Quality assessment and certainty of evidence
Study quality was appraised using the Quality In Prognosis Studies (QUIPS) tool [33]. Individual studies were evaluated with reference to six bias domains: study participation, attrition, prognostic factor and outcome measurement, confounding, statistical analysis, and reporting. Each bias domain consisted of three to nine sub-domains. Each study was assessed against these to determine an overall rating of ‘low’, ‘moderate’, or ‘high’ risk of bias. Inter-rater reliability was assured by the authors AE, TB, and JB independently assigning a quality rating to each study, with any discrepancies in study quality resolved through group consensus. The online Cochrane Review software Robvis was used to design risk-of-bias plots [34]. Evidence certainty for the body of evidence was determined using the Grading of Recommendations, Assessment, Development and Evaluation (GRADE) system and corresponding website GRADEPro [35].
Data analysis and synthesis
Due to the heterogeneity present amongst the identified studies, a meta-analysis could not be performed.
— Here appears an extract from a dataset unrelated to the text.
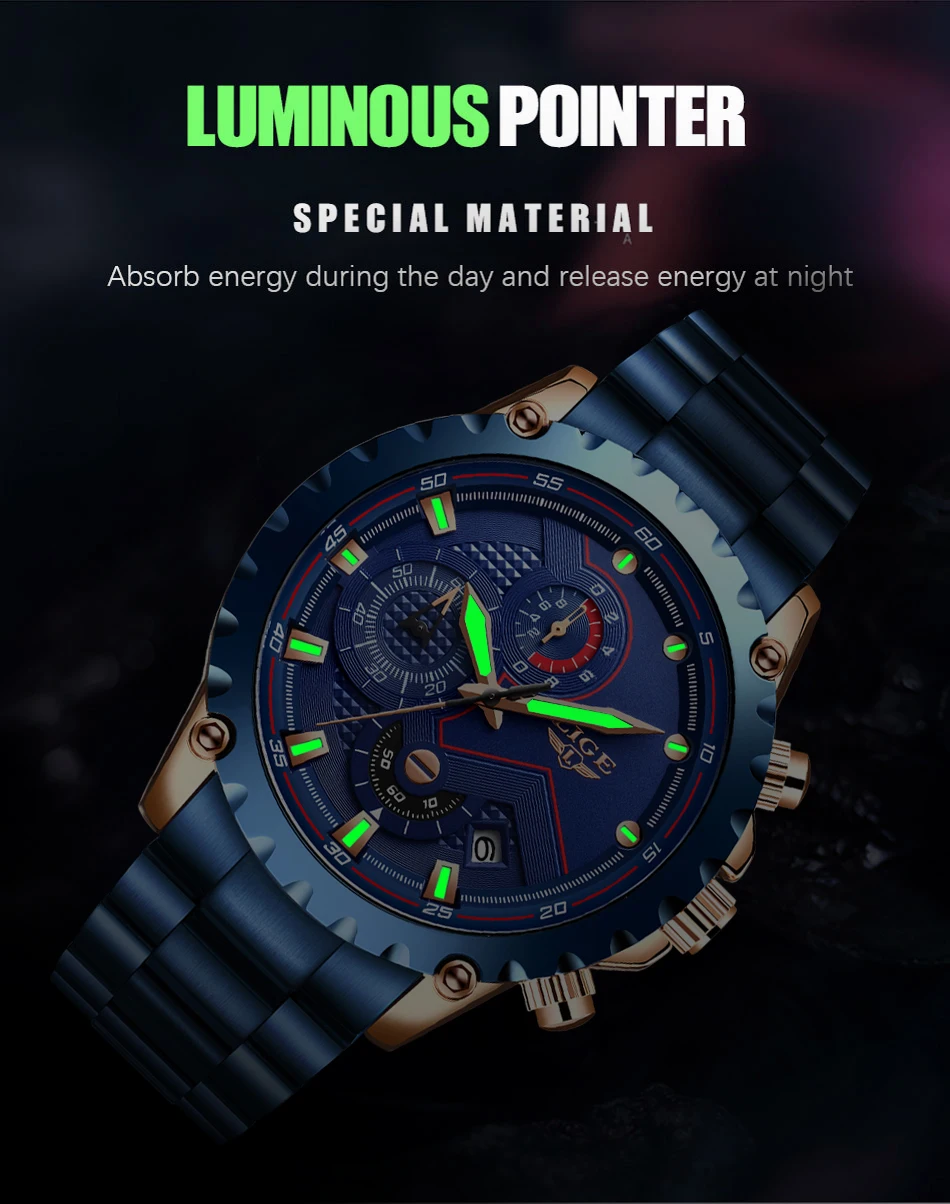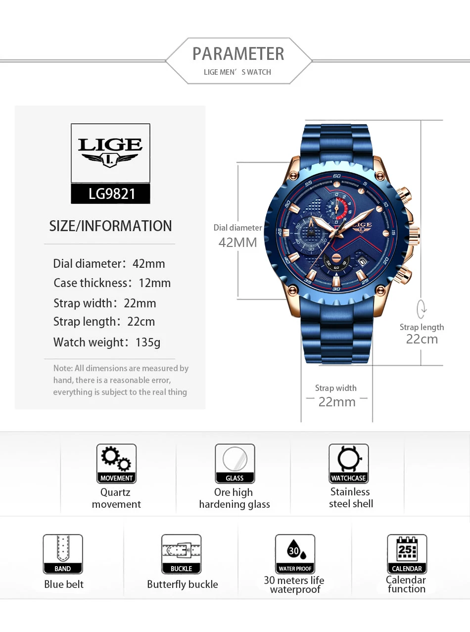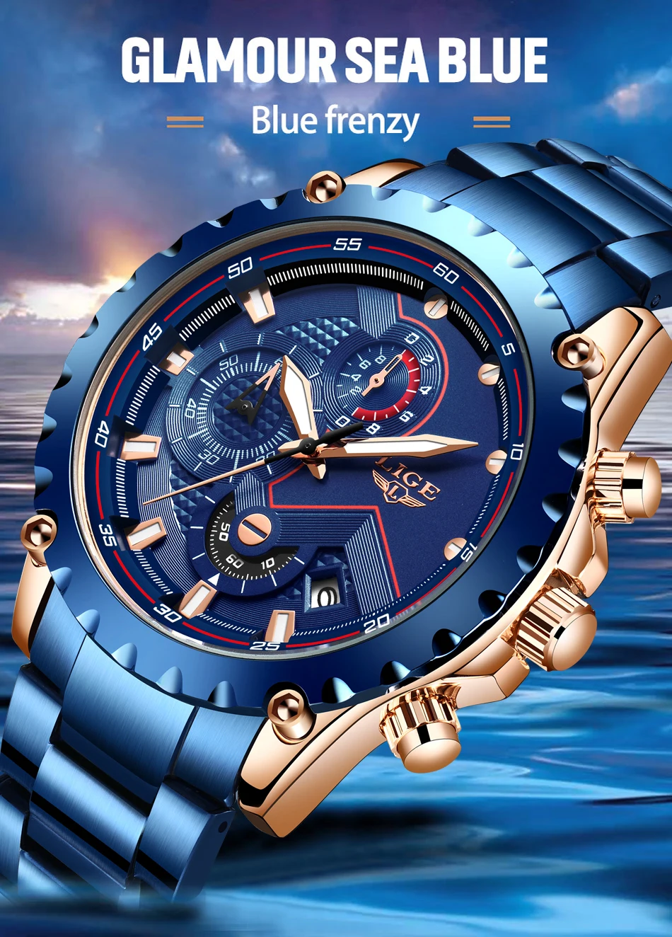 LIGE new watch. Stainless steel blue case men watch. This is a stylish business and leisure clock. With chronograph, automatic calendar, waterproof, shockproof, luminous and other functions; suitable for all occasions.

Studies have been categorised by their study design, nutrition outcome investigated, definition of nutrition outcome investigated, treatment modalities used, and confounders present. The level of evidence was assessed for each outcome of interest and presented in a narrative summary.
Results
Study selection and literature review
A total of 4220 studies were identified during the search, with a final six publications [19, 23, 36,37,38,39,40] (total pooled OPC n = 635; pooled OPC+ n = 485) meeting full inclusion criteria (Fig. 1) with results summarised in Table 1. All were observational retrospective cohort studies [19, 23, 36, 38,39,40]. Three were conducted in the USA [23, 36, 39], one in Canada [38], and two in Australia [19, 40]. Only one study from Australia [19] reported mean BMI of participants at baseline (n = 83; OPC+ 29.7 kg/m2 (SD ± 6.2) versus OPC− 24.5 kg/m2 (SD ± 5.3) (p < 0.01)). All studies were conducted in OPC+ populations undergoing surgery and/or chemotherapy and/or radiation [19]. Three studies reported feeding tube (gastrostomy and/or nasogastric) dependency [36, 38, 39], three weight change [19, 23, 40], three feeding tube timing of placement (prophylactic or reactive) and/or utilisation [19, 23, 40], two nutritional (energy and/or protein) intake [19, 39], and one nutritional status (i.e., malnutrition prevalence and/or incidence) [19].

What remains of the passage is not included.